Records contained in a dataset:
++++

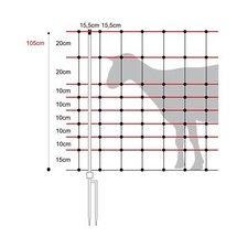 Sécurisez vos moutons, chèvres et agneaux avec notre filet à moutons robuste Horizon ! Le réseau électronique de 120 cm de haut et 50 m de long offre une conductivité élevée (0,84 ohm/m) et des poteaux à double pointe pour une stabilité par tous les temps. Facile à construire et durable, idéal pour un élevage sûr. Kit de réparation et panneau d'avertissement inclus !.
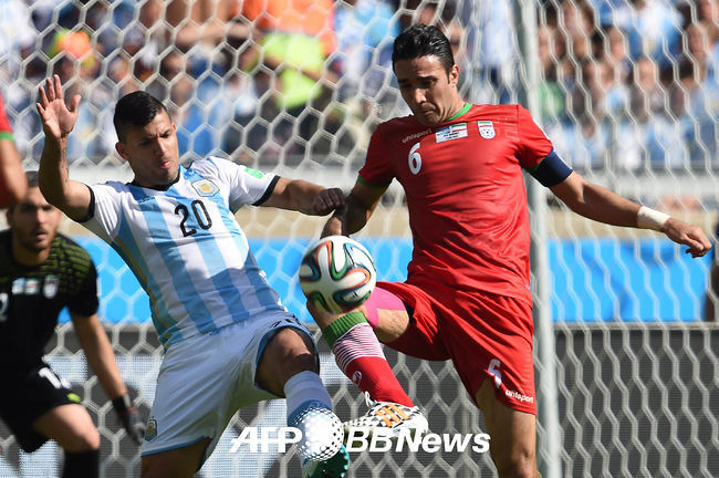 전반 이란 네쿠남이 아르헨티나 아게로를 막아내고 있다.
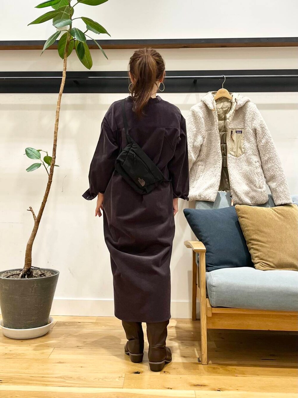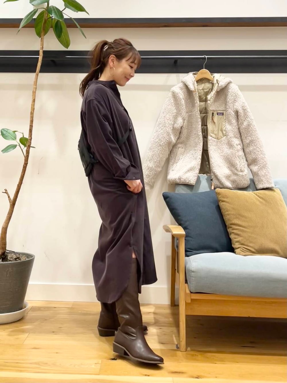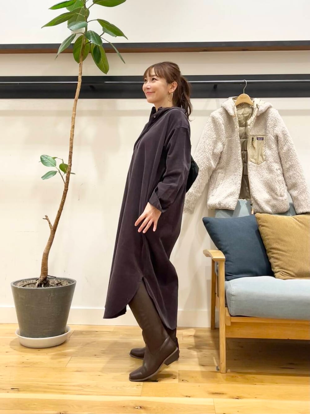 私はSサイズ前閉じで着て、ロングブーツと合わせてますが、サイドのスリットは結構深めに入ってるのでパンツ合わせにしても重くならずに着ていただけます◎
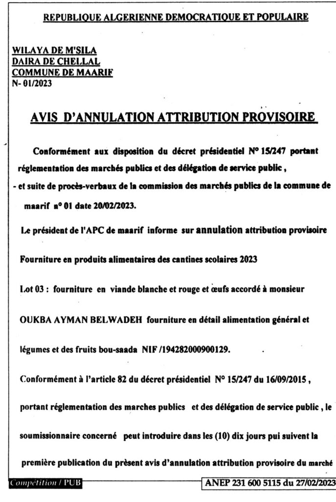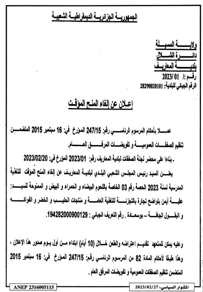 إعلان عن إلغاء المنح المؤقت/ بلدية المعاريف
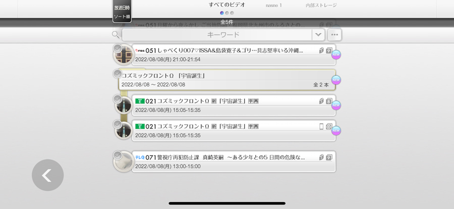 通常の録画番組にはnasneのアイコンが、書き出した番組にはスマホのアイコンが表示される
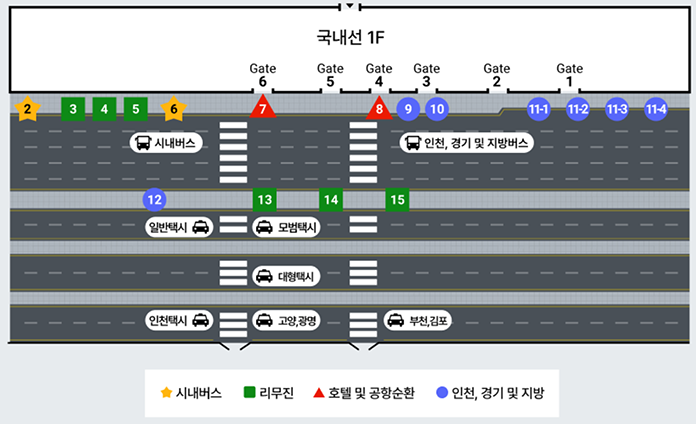 ✅국내선 터미널: 1층 도착장 밖에 리무진 버스 정류장이 있습니다. 탑승 안내 표지판을 따라가면 쉽게 찾을 수 있습니다.

++++

## WORK REQUIRED
Pictures do not belong in the copy. Output all of the records exactly.

## TASK OUTPUT
 Sécurisez vos moutons, chèvres et agneaux avec notre filet à moutons robuste Horizon ! Le réseau électronique de 120 cm de haut et 50 m de long offre une conductivité élevée (0,84 ohm/m) et des poteaux à double pointe pour une stabilité par tous les temps. Facile à construire et durable, idéal pour un élevage sûr. Kit de réparation et panneau d'avertissement inclus !.
 전반 이란 네쿠남이 아르헨티나 아게로를 막아내고 있다.
 私はSサイズ前閉じで着て、ロングブーツと合わせてますが、サイドのスリットは結構深めに入ってるのでパンツ合わせにしても重くならずに着ていただけます◎
 إعلان عن إلغاء المنح المؤقت/ بلدية المعاريف
 通常の録画番組にはnasneのアイコンが、書き出した番組にはスマホのアイコンが表示される
 ✅국내선 터미널: 1층 도착장 밖에 리무진 버스 정류장이 있습니다. 탑승 안내 표지판을 따라가면 쉽게 찾을 수 있습니다.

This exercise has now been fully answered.